We can bet the factory wages are less than mining, and it seems a little odd to imply that the mines must all right because illegal immigration provides an alternative.

But as for mining getting into the blood, that sounds like something U.S. and Mexican miners share: a proud heritage and a very special bond.

Wednesday, February 22, 2006

You Just Couldn't Make This Stuff Up

Shredding the facts and using them as confetti, Episode No. we've lost count:

Today's not-to-be-missed story is in the Courier-Journal.

"The crowd must have been impressed at last week's hearing on the Department of Labor budget. Two real players were on the floor...

Chao, who says the feds are doing a fine job, obviously needed an assist at the hearings. Into the lineup came Northup, saying, 'As I understand it, the new West Virginia law that pertains to mining safety requires technology that, now that it has been signed, turned out not to really exist or hasn't been developed. Before we pass more laws, I think it's important we invest in more development.'

'You're absolutely right,' chirped Chao."

Only the devices they're discussing are already used in about a dozen U.S. mines according to testimony in other Congruessional forums since the Sago explosion.

For instance, the manufacturer was showing them at a Senate-side technology roundtable one a week ago.

Thursday, February 16, 2006

Diesel Daze

Cindy Skrzycki of the Washington Post had a piece Tuesday about MSHA's diesel emissions exposure rule for underground metal and nonmetal mines, which MSHA recently proposed to delay for another 5 years.

The coal mining sector accepted underground diesel emissions exposure limits without contesting them, several years ago.

The rules for non-coal mines were first proposed in 1998 and became final right at the end of the Clinton administration in January 2001. But industry complaints then led MSHA to delay the compliance schedule and reopen the rule. A key opponent has been the Mining Awareness Resource Group (MARG) Diesel Coalition, spearheaded by veteran mining industry attorney Chajet.

According to Skrzycki, Chajet has referred to the rule as a
"giant failed high school science project,"
despite extensive health and feasibility studies.

This month, former MSHA special assistant Celeste Monforton published a knock-down-drag-out narrative of the metal/nonmetal diesel rule's contorted course in the peer-reviewed American Journal of Public Health. (Abstract is here.)

"The posturing by MARG, some mining companies and MSHA goes on in air-conditioned offices while underground miners continue to breathe the highest level of diesel exhaust of any workers in the country,"
Monforton wrote.

Monforton, who holds a Master's degree in public health, now is with George Washington University's Environmental and Occupational Health department.

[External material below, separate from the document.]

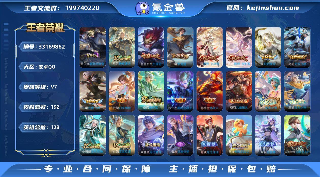 安卓Q-V6-最强王者段位-128英雄-192皮肤-12传说-52史诗 【英雄全皮】:敖隐全皮 【传说皮肤】:后羿神树通天,澜愿照九州拓,虞姬愿照岁时盈,云缨幻光神枪,桑启鸣野蒿,马超无双飞将,曜李逍遥 ,镜炽阳神光,曜云鹰飞将,百里玄策白虎志,孙悟空地狱火,狄仁杰超时空战士 【限定皮肤】:蔡文姬夏日便利店,虞姬夏日便利店,姜子牙天穹之誓,狄仁杰阴阳师,赵云皇家上将,阿轲迷踪丽影,元歌无心,马可波罗山海玄木吟,狄仁杰魔术师,项羽海滩派对,百里玄策白虎志,百里玄策原初追逐者,梦奇顽趣,沈梦溪星空之诺,裴擒虎擒涛扼浪,曜李逍遥 ,西施玲珑珍味,鲁班大师探海日志,艾琳女武神,张良古海寻踪,高渐离燃音魔法,妲己灵卜魔法,鬼谷子天穹祈灯,百里玄策超元猎域,沈梦溪龙舞盛年,刘邦剑破天穹,程咬金群星魔术团,镜青焰无极,项羽苍威无极,周瑜熔金海岸 【年限皮肤】:百里玄策白虎志,马可波罗山海玄木吟,澜愿照九州拓,虞姬愿照岁时盈 【赛季限定】:裴擒虎擒涛扼浪,鲁班大师探海日志,张良古海寻踪,鬼谷子天穹祈灯,刘邦剑破天穹,姜子牙天穹之誓,东皇太一噬灭天穹,太乙真人谧流熔炉,钟馗虚灵犬护,甄姬逆浪荇歌,亚瑟荣光之誓,百里玄策原初追逐者...

Skrzycki reported that Representatives Major R. Owens (D-N.Y.) and Dennis J. Kucinich (D-Ohio) have written to Secretary of Labor Elaine L. Chao asking her to cancel the latest proposed delay.

Friday, February 10, 2006

Just A Quick Roundup Today

"The federal government levied a larger fine — $550,000 — for the 2004 Super Bowl showing of Janet Jackson's breast than it did for the 2001 deaths of 13 miners in one of the deadliest mine disasters in a quarter-century,"
USA Today/Gannett reports.

Kentucky's House has following West Virginia's suit by passing a bill to strengthen mine safety by requiring more SCSRs underground, quicker accident reporting and more inspections, the Courier-Journal reported. The bill now goes to the state Senate.

West Virginia has passed another law, requiring that the new director of mine safety have 5 years of mining education/experience (Charleston Daily Mail).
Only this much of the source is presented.